自分で言うのも何だが、僕は年上の女性から可愛がられる傾向があったように思う。
社会人になってからも同様で、上司や先輩の女性に食事を奢ってもらったり、お菓子をもらったり、お米をもらったり、お肉をもらったりすることが度々あった。男性の上司や先輩にも奢ってもらったが、食べ物をくれるのはほとんど女性だった。(単に僕が今にも餓死しそうな顔をしていたのかもしれないが)
食事に連れていただくと出てくる定番の質問、「彼女はいないの?」に対して、「いやーもう何年もいないんですよ。彼女欲しいんですけどねー」と答えると、決まって「まあ大丈夫。鈴木君ならすぐできるよ」などと言われた。
お世辞を真に受けるほど世間知らずではないつもりだが、実際、学生時代には彼女がいたこともあるし、女性から「すぐできるよ」と言われれば、ある種のお墨付きをもらったような気持ちになる。まあ、そんなものかな、と軽く思っていた。

だが、彼女はできなかった。

同年代の女性と二人で食事や飲みに行ったり、遊びや映画に行ったりすることはあっても、恋愛関係にはならなかった。好意を伝えると、「気持ち悪い」と返された。

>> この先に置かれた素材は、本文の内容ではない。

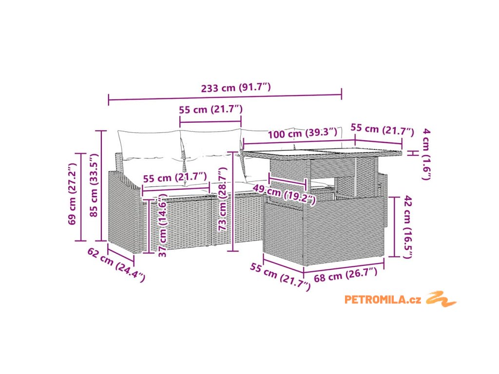 - Všechny součásti: Sada obsahuje dvě centrální sedačky a dvě arm pohovky s polštáři, které zajišťují pohodlí. Stůl poskytuje prostor pro jídlo nebo neformální povídání.

何度か「気持ち悪い」と言われて、ようやく自分に理由があるあるらしいと気がついた。
だが、振り返っても理由がよく分からない。身だしなみか?立ち振る舞いか?しつこかった?話題がよくなかった?
そんなとき、『ぬいペニ現象』という言葉を知り、一気に繋がったような気がした。
そうか、僕はぬいぐるみだったのか、と。

ぬいペニ現象とは

ぬいペニ現象(ぬいぐるみペニスショック)とは、女性が恋愛対象外の男性から好意を伝えられたときに感じる嫌悪感を表したネットスラングである。

確かにぬいぐるみからペニスが生えている様子はグロテスクで、嫌悪感をイメージしやすい。ペニスという直接的な表現による強い印象も含めて、秀逸な言葉だと思う。
Twitterが初出と思われ、2017年11月15日のTweetがバズっていく過程で徐々に『ぬいペニ』という言葉が出来たと言われている……らしい。

僕がこの言葉を知ったのは、ぬいペニ現象を説明した漫画だった。

出典不明。ご存じの方はお教えいただけると幸いです。

今やネットミーム化したこの漫画だが、出典はよく分からない。
2021年9月8日にTwitterで引用する形で出てきたのが、確認できた中で最初のものである。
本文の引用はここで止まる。